Even so, every citizen should remember that the Founders originally did not write the Constitution to apply to cities and states; the US Constitution is the law of the land, of the nation. And yes, citizenship and immigration are the purview of the federal government. So again, it was the 14th Amendment that extended national citizenship to former slaves and thus states’ laws were overturned (to the ongoing chagrin of too many unrepentant confederate loyalists.) Since then the 14th Amendment has appropriately (in my understanding) addressed numerous areas where states’ laws were not providing “equal protection” for all persons. So now yes, increasingly, states have greater obligation to adhere to the US Constitution.

(Look over this explanation from the Constitution Center to see how Constitutional law has evolved over time. The Constitution doesn’t just mean what it says; it means what the Supreme Court says it means. This is my paraphrase of Justice John Marshall’s famous quote in Marbury v. Madison. I think this topic definitely needs more discussion.)

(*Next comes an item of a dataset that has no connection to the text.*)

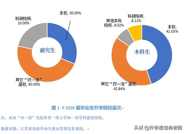 研究生:总升学占比13.57%。国内升学占比5.70%,其中,升入本校占比30%,升入其他双一流大学占比60%。

So where do sanctuary cities fit into all of that? Beats me. We’ll see what the Courts do with this. But, for me, as a Christian, such protection for the vulnerable is a foundational tenet, no matter what civil law says. And for me as an American, I would have been proud to provide sanctuary for the Suffragettes and the Underground Railroaders and the Sitters at the Woolworth counters. Protecting those who protest unjust laws is a good and noble thing in my mind. Sometimes the process for overturning unjust law demands and includes such bold resistance.

You reluctantly concede that non-citizens have basic human rights but question how far those rights extend legally. Here’s a helpful article from Forbes that discusses some of the history of the development of legal rights for non-citizens. It is much broader than many “rule of law,” Constitutional Conservatives think it is. Yes, let’s go there for our next conversation. I’ll begin and get something to you very soon.

Janie: A couple of points, and we can wrap this up.  We often hear that the U. S. is a “nation of immigrants,” and that’s true as far as our ancestry goes.  But a few years ago a conservative writer (I forget who) made what I believe is a necessary correction: we are a nation of citizens.  Assimilation is key.  In the naturalization ceremony, newly-minted American citizens are asked to renounce their former allegiances and promise to support the laws, ideals, and founding documents of the United States.  To the extent that anyone is willing to do this, they are welcome, and most conservatives would agree.  (I might suggest that Facebook is not the best place to evaluate conservative thought.  I certainly don’t go there to figure out what progressives are thinking!)

What some of us fear is allowing in more immigrants, “legal” and not so much, who do not subscribe to American ideas and want to change it to something else.  Or they’re coming for welfare benefits or criminal activity or outright subversion.  These are the minority, I know, but there are significant numbers to cause concern.  Stronger border security and vetting would alleviate some of these fears if we could settle down long enough to stop insulting each other and make some reasonable compromises. I can compromise on amnesty, for example, if we could get a more secure border.

Rule of law, judicial review, Constitutional protections for non-citizens—all sufficiently weighty, wormy, and worthy of discussion.  Have at it!